Excerpts from a dataset
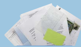
Office Paper Papel de Oficina
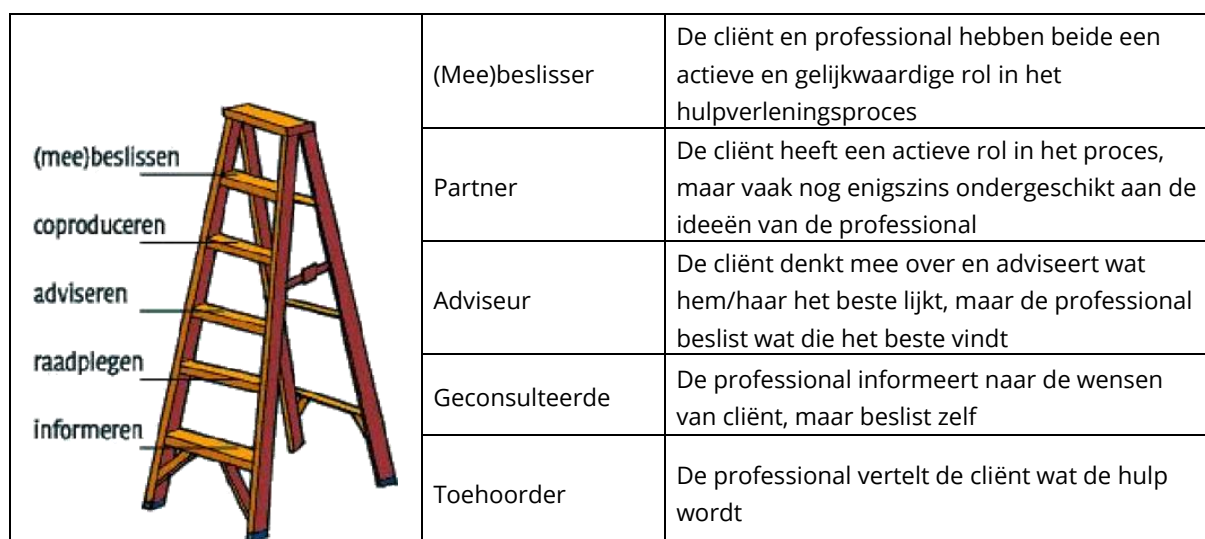
Tabel 5. De participatieladder

In dit hoofdstuk bespreken we eerst wat er volgens cliënten niet goed gaat in de participatie (3.1). Aansluitend worden de verbeteruggesties uit de focusgroepen weergegeven (3.2 t/m 3.4).
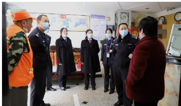
执法人员向宾馆经营人员询问有关情况。

根据《未成年人保护法》规定,旅馆、宾馆、酒店等住宿经营者接待未成年人入住或者接待未成年人和成年人共同入住时,应当询问父母或者其他监护人的联系方式、
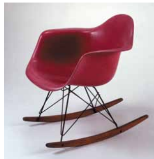
Charles und Ray Eames, Schaukelstuhl ‚Rocker‘, 1950

Ein Wunschobjekt jeder international orientierten Designsammlung ist der Schaukelstuhl ‚Rocker‘ , von Charles und Ray Eames (Inv. Nr. A 1946 w) aus dem Jahre 1950 Abb. 4 . Seine pinkfarbene Polyesterschale steht in reizvollem Kontrast zum schwarz lackierten Metallgestell und den warmbraunen Holzkufen, eine seltene Materialkombination, die auch die Experimentierfreude dieses großen amerikanischen Designerpaares dokumentiert. Polyester gehört zu den großen Entdeckungen der 40er Jahre. Seit 1947 wird diese Faser industriell hergestellt. Polyester-Fasern werden vor allem im Bekleidungsbereich eingesetzt aber eben auch - wegen ihrer Strapazierfähigkeit - im Möbeldesign. Die Sitzschale des ‚Rocker‘ besteht aus formge-
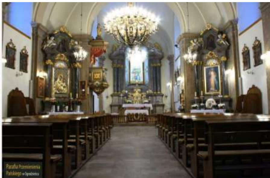
Ryc. 18 Wnętrze kościoła parafialnego w Ogrodziencu; źródło: http://www.parafia.ogrodzieniec.pl/kategorie/wnetrze_kosciola#!lightbox[roadtrip]/15/
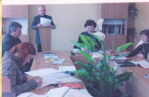
ІМН «КМЗ як оптимальна система навчально-методичної документації, засобів навчання»
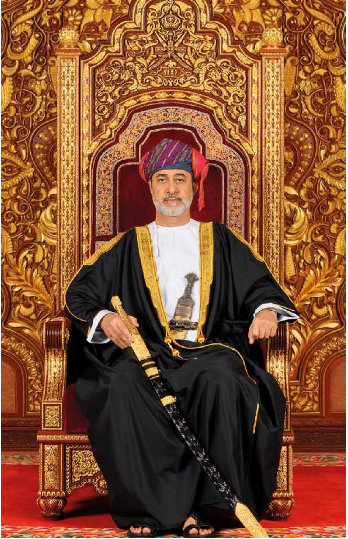
حضرة صاحب الجلالة السلطان هيثم بن طارق المعظم - حفظه الله ورعاه
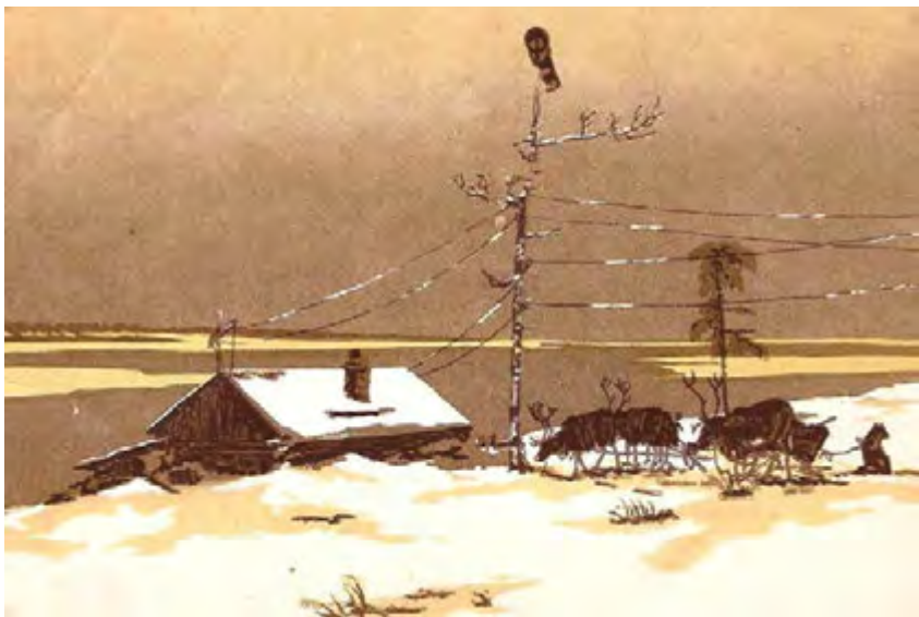
Далекий аэропорт. Художник В. Мешков (первый аэропорт посёлка)
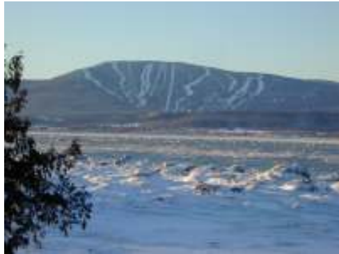
Le Mont St-Anne !
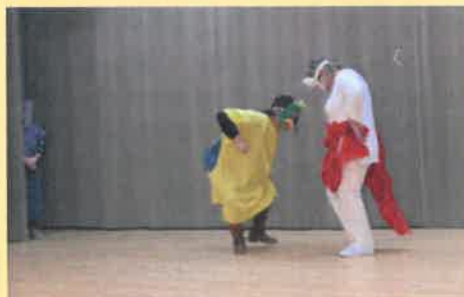
Spectacle de Noël réalisé par les assistantes maternelles
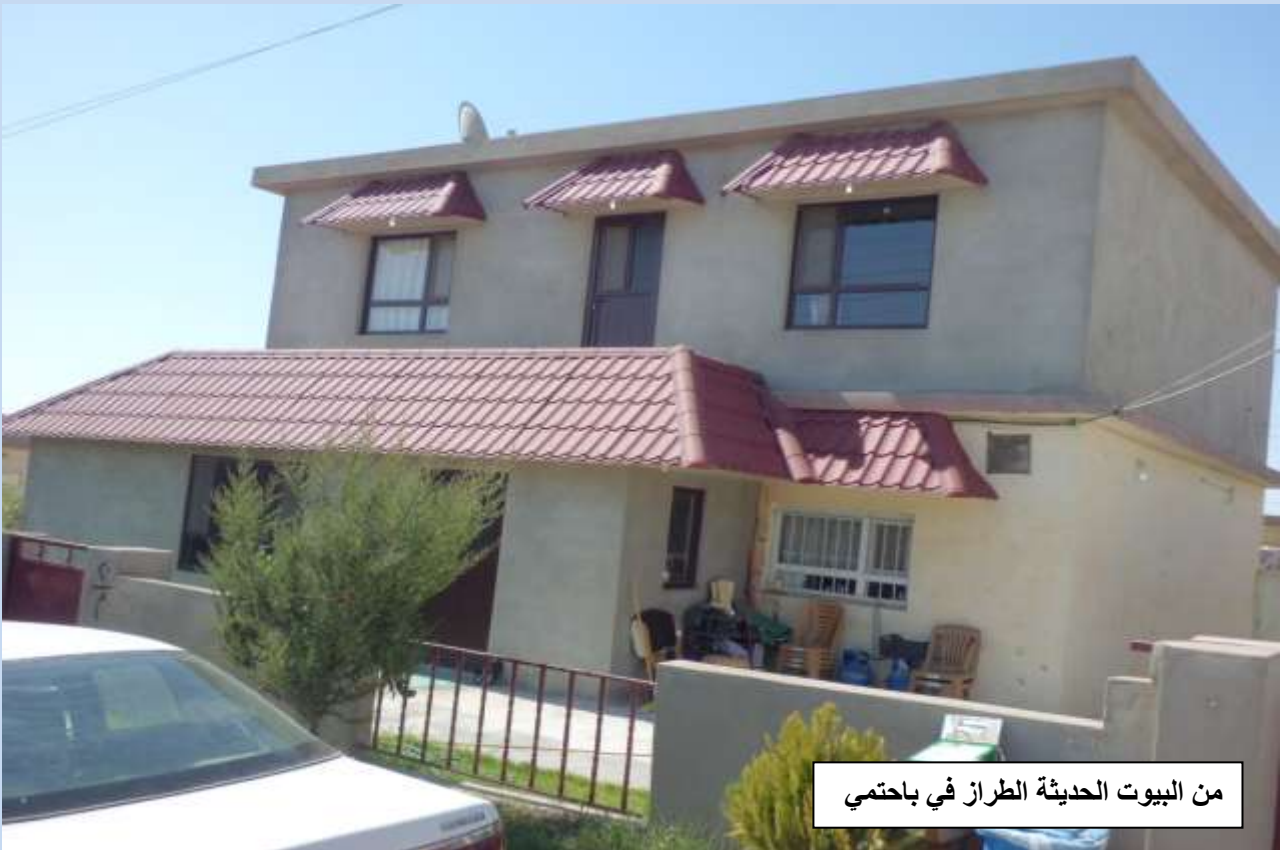
من البيوت الحديثة الطراز في باحتمي

وبعد سقوط النظام الطاغي الدكتاتوري في بغداد في نيسان عام ٢٠٠٣. شرعت حكومة اقليم كوردستان بالاهتمام بابناء الشعب الكوردستاني فقام الاستاذ سر كيس اغاجان وزير المالية في حكومة الاقليم بمشروع عظيم لا مثيل له وهو بناء جميع القرى المرحلة لأبناء شعبنا الكلداني السرياني الاشوري، عن طريق تشكيل لجان خاصة بشؤون المسيحيين. وفي عام ٢٠٠٧ قامت اللجنة العليا لشؤون المسيحيين في محافظة دهوك برئاسة السيد فرنسو عوديشو مندو، هذا الرجل القوي الصبور المعروف بحنكه الاجتماعي وبتواضعه واخلاقه الرفيعة في التعامل مع ابناء شعبه والاستماع الى ارائهم ومشاكلهم عن طريق عقد الاجتماع معهم ومد يد العون والمساعدة لجميع العوائل الفقيرة وسد كافة احتياجاتهم اليومية فكان حقا بمثابة الاب لهم. ومع تخصيص رواتب

**Task description**
When a line of the data holds the string "Rocker", pick it out and copy it.

**Written answer**
Charles und Ray Eames, Schaukelstuhl ‚Rocker‘, 1950
Ein Wunschobjekt jeder international orientierten Designsammlung ist der Schaukelstuhl ‚Rocker‘ , von Charles und Ray Eames (Inv. Nr. A 1946 w) aus dem Jahre 1950 Abb. 4 . Seine pinkfarbene Polyesterschale steht in reizvollem Kontrast zum schwarz lackierten Metallgestell und den warmbraunen Holzkufen, eine seltene Materialkombination, die auch die Experimentierfreude dieses großen amerikanischen Designerpaares dokumentiert. Polyester gehört zu den großen Entdeckungen der 40er Jahre. Seit 1947 wird diese Faser industriell hergestellt. Polyester-Fasern werden vor allem im Bekleidungsbereich eingesetzt aber eben auch - wegen ihrer Strapazierfähigkeit - im Möbeldesign. Die Sitzschale des ‚Rocker‘ besteht aus formge-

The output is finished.